# Where can I watch NY Yankee baseball?



## MikeBrooklyn (Mar 9, 2012)

Hoping to find a bar to watch American baseball games at when I move to Dubai in June. 
Thanks.
Mike


----------



## hubbly_bubbly (Oct 17, 2010)

I like you, Mike.

Your first post and out of the infinite cultural, historical, geographical, social and political musings that you could possibly dream about Dubai and/or things to do in Dubai and the greater ME... is where to find a Yankees game.

Cool.


----------



## fcjb1970 (Apr 30, 2010)

Sorry Mike, it's a really tough place for a baseball fan. The only option on TV is to get a package with Fox sports which will broadcast a few games a week. But they only include Fox sports on the most expensive packages because they know Americans will suck it up to watch some sports.

The only real option I think is to watch through MLB.tv (Watch Live Baseball Online, Stream MLB Games with MLB.TV | MLB.com: Subscriptions. 

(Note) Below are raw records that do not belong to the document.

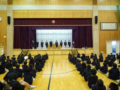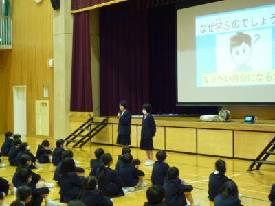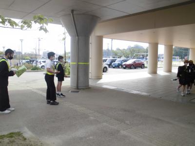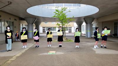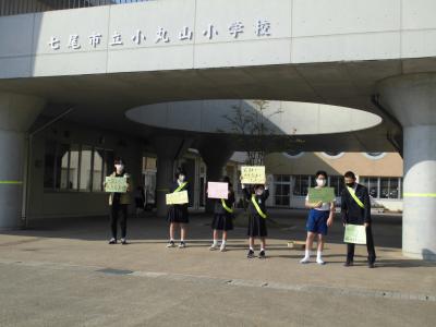 前期児童会が「元気なあいさつができるように」と挨拶運動を行っています。企画委員会を先頭に1週間ずつ各委員会が取り組んでいます。
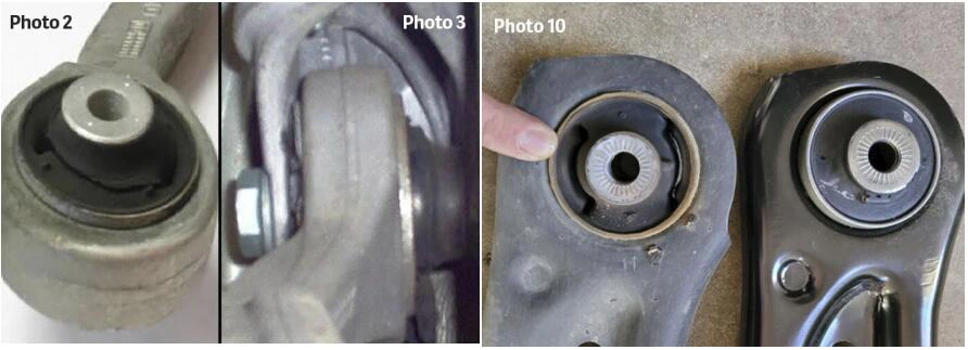 (Comparações destacando buchas novas e intactas versus buchas desgastadas e danificadas.)
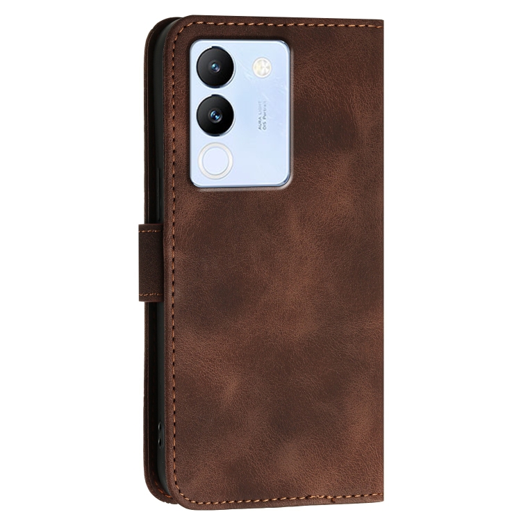Funda de Cuero con Tapa y Cordón para Vivo V29E 5G Global Yx0080 con Diseño En Relieve de Mariposas y Cuadrícula (Café)
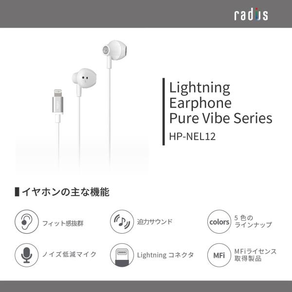 ラディウス radius HP-NEL12 有線イヤホン| iPhone HP-NEL12K Lightning ライトニング iPad iOS MFi取得 インナーイヤー ギフト
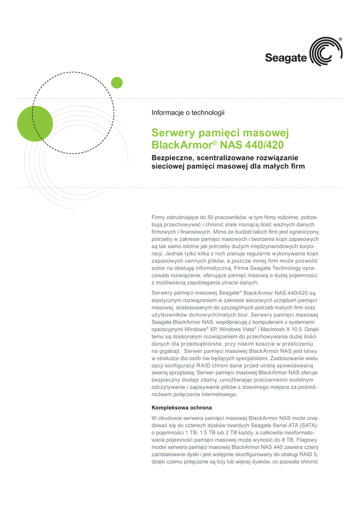 Informacje o technologii Serwery pamięci masowej BlackArmor® NAS 440/420 Bezpieczne, scentralizowane rozwiązanie sieciowej pamięci masowej dla małych firm Firmy zatrudniające do 50 pracowników, w tym firmy rodzinne, potrzebują przechowywać i chronić stale rosnącą ilość ważnych danych firmowych i finansowych. Mimo że budżet takich firm jest ograniczony, potrzeby w zakresie pamięci masowych i tworzenia kopii zapasowych są tak samo istotne jak potrzeby dużych międzynarodowych korporacji. Jednak tylko kilka z nich planuje regularne wykonywanie kopii zapasowych cennych plików, a jeszcze mniej firm może pozwolić sobie na obsługę informatyczną. Firma Seagate Technology opracowała rozwiązanie, oferujące pamięć masową o dużej pojemności z możliwością zapobiegania utracie danych. Serwery pamięci masowej Seagate ® BlackArmor NAS 440/420 są elastycznym rozwiązaniem w zakresie sieciowych urządzeń pamięci masowej, dostosowanym do szczególnych potrzeb małych firm oraz użytkowników domowych/małych biur. Serwery pamięci masowej Seagate BlackArmor NAS, współpracują z komputerami z systemami operacyjnymi Windows® XP, Windows Vista® i Macintosh X 10.5. Dzięki temu są doskonałym rozwiązaniem do przechowywania dużej ilości danych dla przedsiębiorstw, przy niskim koszcie w przeliczeniu na gigabajt. Serwer pamięci masowej BlackArmor NAS jest łatwy w obsłudze dla osób nie będących specjalistami. Zastosowanie wielu opcji konfiguracji RAID chroni dane przed utratą spowodowaną awarią sprzętową. Serwer pamięci masowej BlackArmor NAS oferuje bezpieczny dostęp zdalny, umożliwiając pracownikom mobilnym odczytywanie i zapisywanie plików z dowolnego miejsca za pośrednictwem połączenia internetowego. Kompleksowa ochrona W obudowie serwera pamięci masowej BlackArmor NAS może znajdować się do czterech dysków twardych Seagate Serial ATA (SATA) o pojemności 1 TB, 1,5 TB lub 2 TB każdy, a całkowita niesformatowana pojemność pamięci masowej może wynosić do 8 TB. Flagowy model serwera pamięci masowej BlackArmor NAS 440 zawiera cztery zainstalowane dyski i jest wstępnie skonfigurowany do obsługi RAID 5, dzięki czemu połączone są trzy lub więcej dysków, co pozwala chronić Serwery pamięci masowej BlackArmor® NAS 440/420 Bezpieczne, scentralizowane rozwiązanie sieciowej pamięci masowej dla małych firm wszystkie przechowywane dane w przypadku utraty jednego z nich. W modelu BlackArmor NAS 420 fabrycznie montowane są dwa dyski zainstalowane w konfiguracji RAID 1 (zwanej techniką dysków lustrzanych). Wszystkie dane są przechowywane na każdym z dysków, aby zapewnić ochronę danych w przypadku awarii jednego z nich. Jeśli będzie potrzebna większa ilość miejsca, w łatwy sposób można rozbudować model BlackArmor NAS 420 o jeden lub dwa dodatkowe dyski.1 Serwery pamięci masowej BlackArmor NAS obsługują tworzenie do czterech woluminów logicznych, z których każdy może mieć inny rozmiar i może być skonfigurowany na innym poziomie infrastruktury RAID. Pozwala to na przechowywanie danych oddzielnie i umożliwia wybór najlepszego poziomu ochrony RAID pod względem typu danych w każdym woluminie. Macierz RAID 10, zapewniająca najwyższy poziom ochrony, jest najbardziej odpowiednia dla oddzielnych woluminów, w których przechowywane są ważne firmowe dokumenty i pliki księgowe oraz kopie zapasowe komputerów pracowników. Pliki wymagające ochrony z zachowaniem szybkości odczytu/zapisu, takie jak transakcyjne bazy danych, mogą być przechowywane w innym woluminie w macierzy RAID 1. Dla plików wymagających szybkiego przesyłania danych, takich jak pobrane filmy i inne media strumieniowe, wolumin może być skonfigurowany jako macierz RAID 0. Taka konfi guracja gwarantuje największą prędkość, ale nie zapewnia ochrony danych. Serwer pamięci masowej Seagate BlackArmor NAS umożliwia jednoczesne przechowywanie różnych danych, korzystając z różnych macierzy, oraz łatwą konfigurację poprzez interfejs administracyjny oparty na przeglądarce. Elastyczność serwera pamięci masowej BlackArmor NAS daje możliwość jednoczesnego przeprowadzania różnych operacji na przechowywanych danych. Dwa kluczowe zastosowania to centralne przechowywanie danych i ich udostępnianie oraz możliwość wykonania kopii zapasowych plików z nawet 50 komputerów w sieci za pomocą dołączonego oprogramowania Seagate BlackArmor Backup. 2 Dodatkowe funkcje to przesyłanie strumieniowe multimediów i replikacja zawartości urządzenia do drugiego serwera pamięci masowej BlackArmor NAS poprzez bezpośrednie połączenie 2 bez korzystania z sieci oraz pełna obsługa usługi Microsoft Active Directory. Cztery wbudowane porty USB pozwalają na odczytywanie i zapisywanie na dysku twardym USB lub dyskach typu flash, dostarczanie zasilania przez zasilacz UPS i współdzielenie drukarki USB. Bezpieczny dostęp do plików na serwerze pamięci masowej BlackArmor NAS można uzyskać z dowolnego miejsca na świecie za pomocą bezpłatnej usługi Seagate Global Access™ i funkcji serwera FTP. Autoryzacją korzystania z tych punktów dostępu zarządza główny administrator. Stała niezawodność Serwer pamięci masowej BlackArmor NAS został zaprojektowany tak, aby zapewnić niezawodne, stałe działanie. Dwa do czterech dysków wewnętrznych firmy Seagate można szybko wymienić w trakcie pracy bez konieczności wyłączania serwera. Rezultatem jest zminimalizowanie czasu przestoju w rzadkich przypadkach awarii dysku. Można skonfi gurować podwójne porty Ethernet tak, aby po podłą czeniu do sieci zapewniały możliwość pracy innego dysku w przypadku awarii. Kluczowym zagadnieniem dotyczącym systemu pamięci masowej jest rozpraszanie ciepła. Mimo niskiego poziomu tarcia, dyski twarde generują ciepło w trakcie obracania talerzy z dużą prędkością. Wysoka temperatura stanowi zagrożenie dla obwodów elektronicznych. In
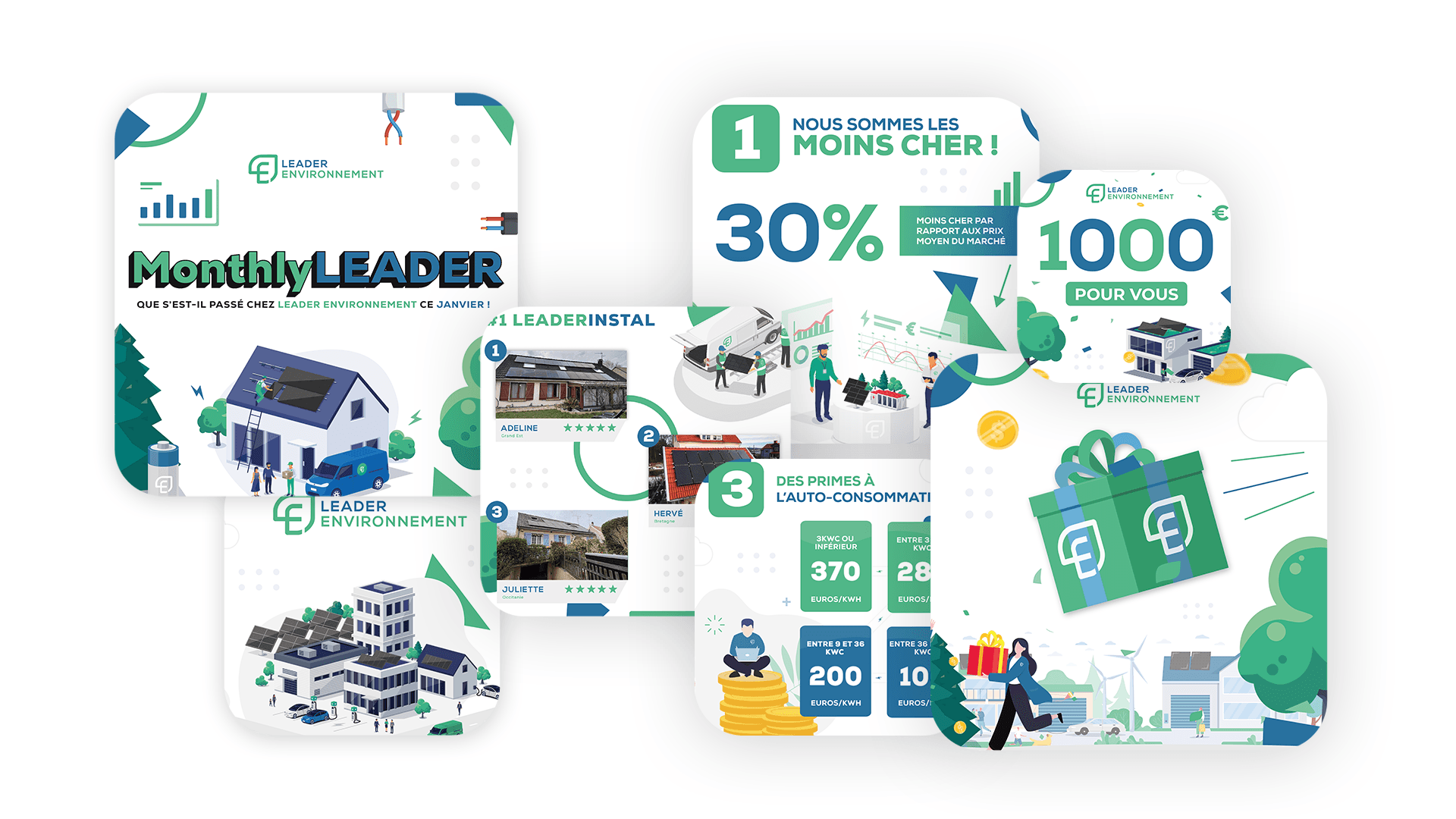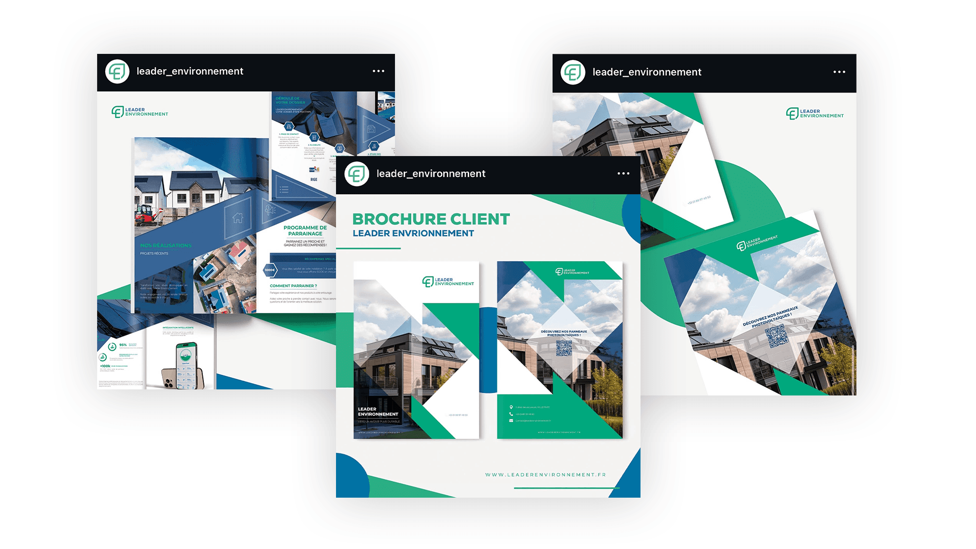 Travaillant seul au sein du service marketing, j’ai pris en main la création et la gestion de l’identité visuelle de Leader Environnement, qui était inexistante avant mon arrivée. J’ai ainsi pu développer une image cohérente sur tous les supports : logos, vidéos, réseaux sociaux, supports imprimés et outils digitaux.

I did not do this last year, but planned on trying it this season. I got the NFL streaming for the playoffs with my du service and the picture quality was excellent and I am hoping this will be the same. As a guy who used to watch/listen/attend well over 100 games a year, last year was pretty tough.


----------



## miami_hurricanes (Sep 23, 2010)

MikeBrooklyn said:


> Hoping to find a bar to watch American baseball games at when I move to Dubai in June.
> Thanks.
> Mike


I watched all the Bombers games on MLB.tv last season. Great AV HD quality. Unless you're a night owl you'll be watching the games over breakfast the following morning.


----------



## motojet (Mar 11, 2008)

You can always buy a Slingbox too, I use that for college football etc.


----------



## Jynxgirl (Nov 27, 2009)

Sling box is the best advice. Am a NFL nut and watched the games this year through parents direct tv network online. Think was 50$ for the regular season. Not sure if they have something similar for baseball or not, or if you have family that has a cable company that offers this. 

Get a good internet speed regardless.


----------